== Segment start ==

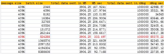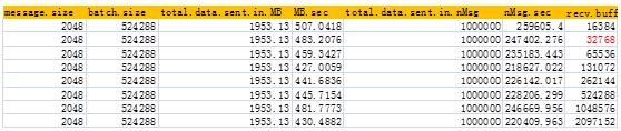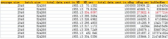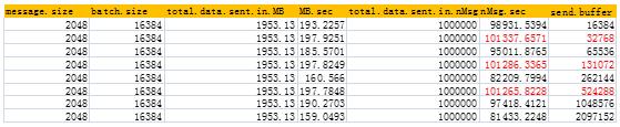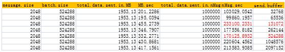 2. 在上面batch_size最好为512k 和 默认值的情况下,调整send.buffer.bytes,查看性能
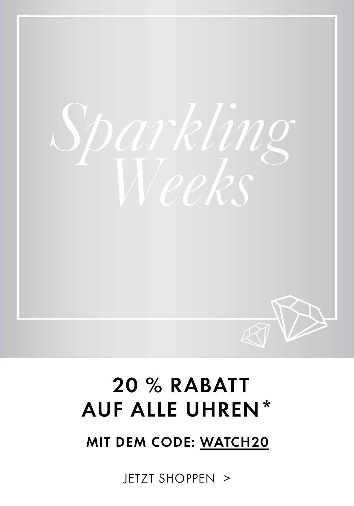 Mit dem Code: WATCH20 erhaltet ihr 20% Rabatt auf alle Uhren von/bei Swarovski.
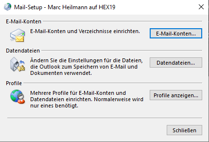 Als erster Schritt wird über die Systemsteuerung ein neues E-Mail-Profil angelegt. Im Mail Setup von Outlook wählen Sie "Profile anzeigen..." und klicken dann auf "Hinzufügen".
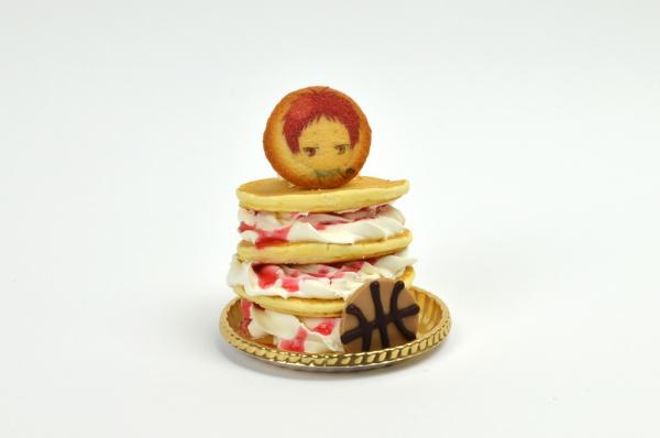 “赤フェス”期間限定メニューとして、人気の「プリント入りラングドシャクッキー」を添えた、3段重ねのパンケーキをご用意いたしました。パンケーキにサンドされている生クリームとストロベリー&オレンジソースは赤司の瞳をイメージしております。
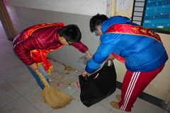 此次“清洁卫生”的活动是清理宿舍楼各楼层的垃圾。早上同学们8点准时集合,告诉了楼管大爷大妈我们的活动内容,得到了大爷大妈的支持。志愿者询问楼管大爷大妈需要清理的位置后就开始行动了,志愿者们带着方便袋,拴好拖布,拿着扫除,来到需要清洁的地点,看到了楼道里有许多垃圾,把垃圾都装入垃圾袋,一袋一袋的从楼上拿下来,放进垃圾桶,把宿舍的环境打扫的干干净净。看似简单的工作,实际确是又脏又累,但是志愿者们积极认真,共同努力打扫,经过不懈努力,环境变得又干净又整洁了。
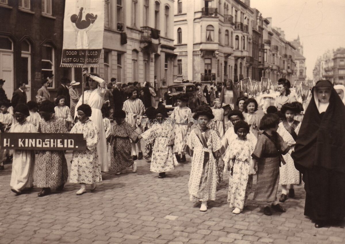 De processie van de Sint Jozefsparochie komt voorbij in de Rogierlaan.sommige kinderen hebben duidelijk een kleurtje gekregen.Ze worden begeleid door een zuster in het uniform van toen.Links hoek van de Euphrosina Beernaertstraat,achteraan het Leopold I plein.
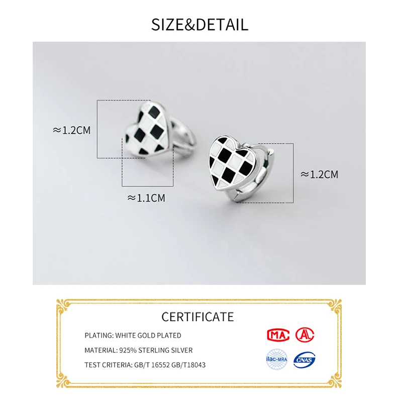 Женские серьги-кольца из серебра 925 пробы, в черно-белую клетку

== Segment end ==
== Segment start ==

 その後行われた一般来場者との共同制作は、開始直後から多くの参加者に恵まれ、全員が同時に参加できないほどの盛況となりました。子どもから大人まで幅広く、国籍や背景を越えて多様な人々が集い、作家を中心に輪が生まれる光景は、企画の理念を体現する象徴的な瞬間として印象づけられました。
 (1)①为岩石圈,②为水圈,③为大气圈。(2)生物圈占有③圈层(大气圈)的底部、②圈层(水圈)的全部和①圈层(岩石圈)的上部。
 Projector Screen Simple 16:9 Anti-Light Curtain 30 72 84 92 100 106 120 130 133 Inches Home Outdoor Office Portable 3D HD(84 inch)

== Segment end ==
== Segment start ==

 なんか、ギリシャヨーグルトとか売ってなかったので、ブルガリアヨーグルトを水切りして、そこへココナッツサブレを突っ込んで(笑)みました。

== Segment end ==

■ ACTIVITY
Would you retype exactly the lines above, from the line with "その後行われた一般来場者との" to the line with "Projector Screen Simple", with both end lines kept and nothing more?

■ ANSWER FOR THIS EXERCISE
 その後行われた一般来場者との共同制作は、開始直後から多くの参加者に恵まれ、全員が同時に参加できないほどの盛況となりました。子どもから大人まで幅広く、国籍や背景を越えて多様な人々が集い、作家を中心に輪が生まれる光景は、企画の理念を体現する象徴的な瞬間として印象づけられました。
 (1)①为岩石圈,②为水圈,③为大气圈。(2)生物圈占有③圈层(大气圈)的底部、②圈层(水圈)的全部和①圈层(岩石圈)的上部。
 Projector Screen Simple 16:9 Anti-Light Curtain 30 72 84 92 100 106 120 130 133 Inches Home Outdoor Office Portable 3D HD(84 inch)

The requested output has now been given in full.